Пока длилось лето, Анфиса выходила с малышом в близлежащий лес – то есть за ворота школы.
Мальчишка родился крепеньким и таким красивым, что нанятая для ухода за ним старуха-нянька, глядя на него, крестилась, шептала и сплевывала через плечо: «Приберет Бог красавчика, ох, приберет к престолу». В конце концов по настоянию Анфисы няньку вернули обратно в таежную раскольническую глушь. Мальчика, понятное дело, не крестили, да и как бы рискнул на это пойти муж Анфисы, которого все-таки не посадили, а только выслали, и теперь он бился, чтобы доказать свою преданность партии, – и потому ближе к зиме все больше пропадал по начальству в Тобольске, ближайшем центре с единственным в округе трактиром.
А Анфиса одинокими зимними ночами слушала вой ветра и шуршание по стенам, лавке и полу тараканов, полчища которых оказались и неисчислимыми, и неистребимыми.

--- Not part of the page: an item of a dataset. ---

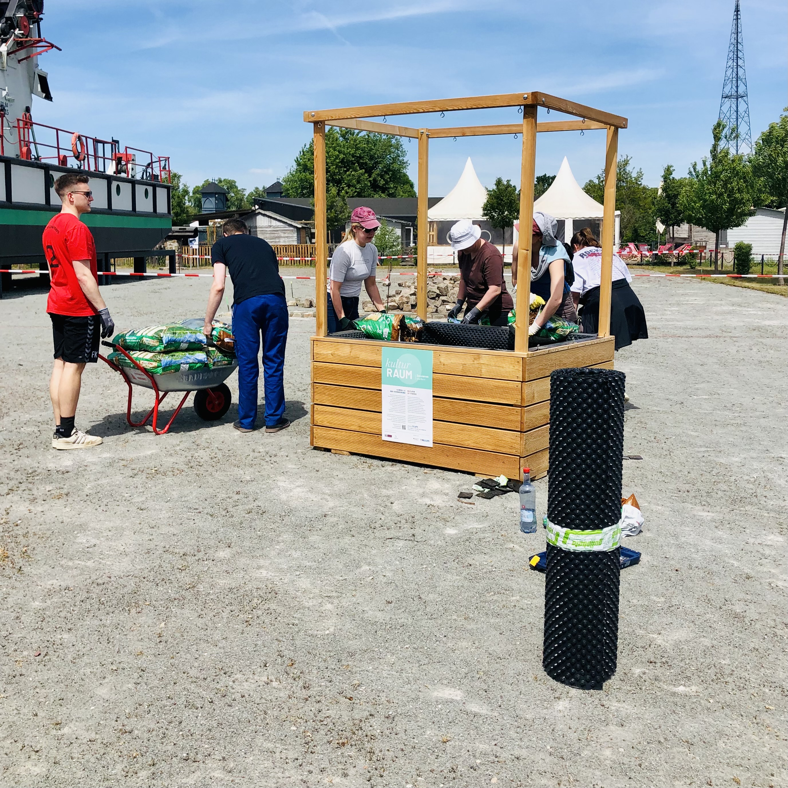 Einen besonderen Beitrag leisteten die Studierenden des Seminars Urban Gardening – Diskurs und Praxis städtischen Gartenbaus. Sie übernahmen sie die Befüllung und Bepflanzung der Beete und setzten sich setzten sich theoretisch mit Fragen nachhaltiger Stadtentwicklung auseinander und setzten ihre Erkenntnisse direkt vor Ort praktisch um. Unterstützt wurden sie dabei durch Partnern aus Wirtschaft, Gesellschaft und Kommune wie Café Treibgut, der GISE, dem Geschäftsstraßenmanagement Neustadt, der Gesellschaft der Freunde und Förderer der Universität Magdeburg GDFF und dem Projekt Studieren ab 50 der Universität Magdeburg.

Кроватка ребенка, как и супружеское ложе, стояли ножками в банках с керосином – иначе не было спасу и от клопов.
Мама никогда не рассказывала, как и от чего умер мальчик. Она только все повторяла про эти баночки с керосином, в которых стояла ножками детская кровать.
Это случилось в отсутствие мужа, младенца и похоронили в отсутствие отца, так что когда он вернулся, то застал только раскрытые настежь на мороз двери, окна и заиндевевшую под шубами на кровати Анфису.
А на столе, на лавке, на полу – густым слоем вымерзшие от холода тараканы, которых отчего-то потом никто долго не убирал, и когда она металась ночами по келье, в волчьей шубе поверх ночной сорочки, и безостановочно повторяла: «Выпустите меня отсюда, выпустите меня отсюда, выпустите меня отсюда», – под ногами тошнотворно хрустело.
Позже мужа простили и вернули на Украину.
Есть еще одно фото из немногих, дошедших до меня, мама сделала его в начале войны, чтобы послать отцу на фронт: три бутуза выстроены лесенкой, в беленьких рубашечках, вихрастый младшенький – мой будущий любимый брат.
Это точка в конце той жизни на Украине перед войной, о которой мама не вспоминала и ничего о ней не рассказывала. Наверное, это была даже по-своему счастливая жизнь. Но именно такая жизнь имеет свойство бесследно просачиваться сквозь пальцы, не оставляя зарубок на будущее.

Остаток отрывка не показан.